I recently received the Pfizer-BioNTech COVID-19 vaccine. After the painless injection, I waited outside the room for 30 minutes in case of any severe allergic reactions. As there were none, I registered to return in three weeks' time to receive my second dose.
Eight hours after the injection, I felt a slight ache in my arm but when I examined the injection site, there was only the red mark of the needle entry and no bruising or swelling. I felt warm but when I checked my temperature, it was 36.8°C. I was otherwise totally asymptomatic. Phew!
Three weeks later, I received the second dose. The side effects were identical to the first dose, that is, minimal.
My colleagues who received the vaccine also complained of arm pain.

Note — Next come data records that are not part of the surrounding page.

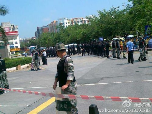 ---------抗议工厂搬迁不给合理补偿,大批警察戒备
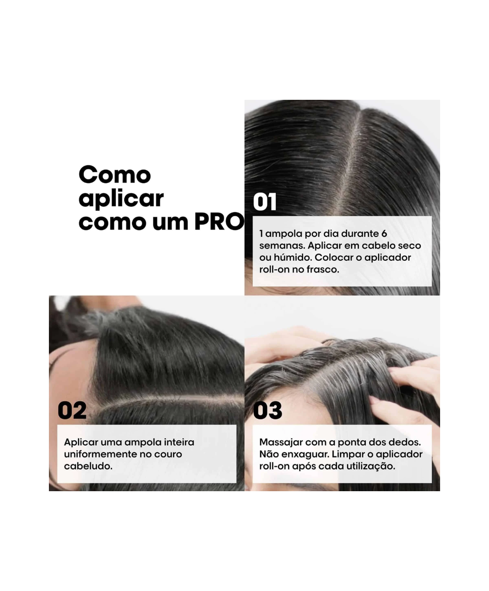 Aplique uma ampola completa uniformemente no couro cabeludo.
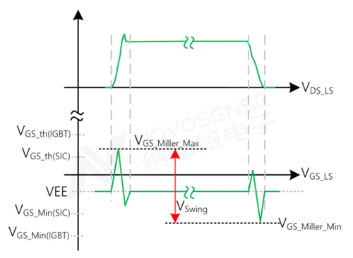 在使用SiC功率器件时,由于其高dv/dt特性,门极常常遭遇正负串扰电压(Vswing)幅度超出门极开启阈值(Vgsth)及负向耐压极限(Vgs_min)的情况。这种串扰容易导致误导通或器件损伤,是高性能驱动设计的一大挑战。
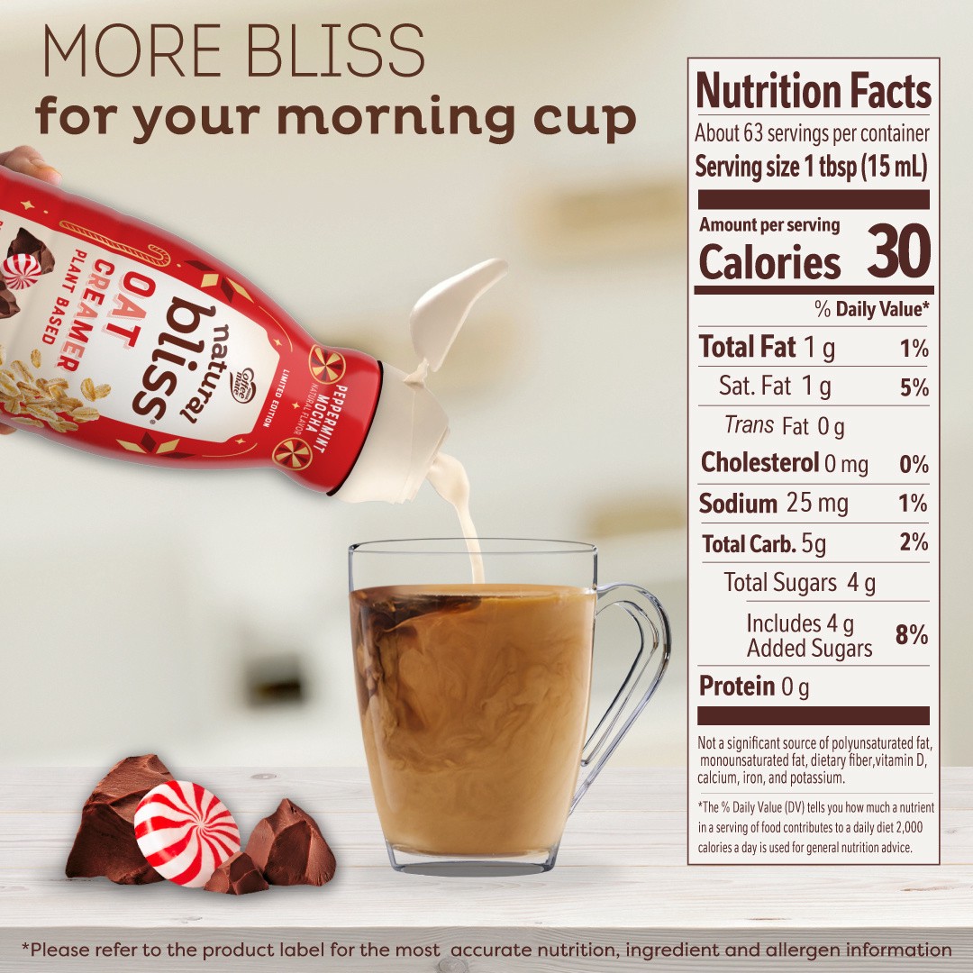 Kickstart your routine with Natural Bliss Peppermint Mocha Flavored Oat Milk Creamer Plant Based Liquid Coffee Creamer. This peppermint mocha flavored holiday coffee creamer adds delicious goodness to…
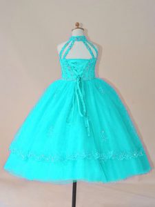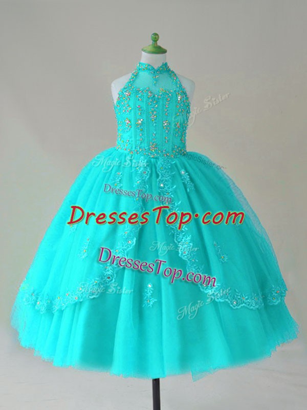 New Arrival Aqua Blue Sleeveless Floor Length Beading and Appliques Lace Up Kids Pageant Dress

Some had fever, tiredness, headaches, dizziness and chills which lasted for a day or two. Fortunately, nobody I know had any severe allergic reactions.
Early history of the COVID-19 vaccines
Like many kiasu doctors, I did some research on the different vaccines before accepting this vaccine. It is true that the COVID-19 vaccines were achieved in record time, under one year. Some say this was too rushed, and point to some severe reactions.1 There are two aspects to vaccine development: laboratory research and animal tests, and clinical trials.2
The first coronavirus was identified in 1965, but vaccine development did not start until the SARS epidemic in 2003. Unfortunately, research stalled because the outbreak evaporated within a year. The same thing happened again with the MERS outbreak in 2012.3 Singapore and other countries joined in the vaccine research, but once again the outbreak subsided and research was suspended, never progressing to clinical trials.
Katalin Kariko and Drew Weissman
Groundbreaking research that later emerged to become the foundation of the current messenger RNA (mRNA) vaccine was conducted initially without any connection to the vaccine. Notable is the work of Katalin Kariko and Drew Weissman, who jointly developed the ability to translate mRNA into predetermined proteins and to insert the mRNA into cells. The history of Kariko's work is tantalising.4 In the 1980s, she joined the University of Pennsylvania and proposed that mRNA could be used not only to fight diseases but also for vaccine development. Sadly, the university consistently rejected her unorthodox ideas and research grant applications, and even demoted her in 1995 from her academic position; at the same time, she was diagnosed with cancer. Luckily, Kariko's colleague Weissman believed in her ideas and collaborated with her. Kariko did not resign from her position, but persevered with their research which was published in 2005. Eventually, her prescient idea of an mRNA vaccine was recognised by others, and later by two pharmaceutical companies – BioNTech and Moderna.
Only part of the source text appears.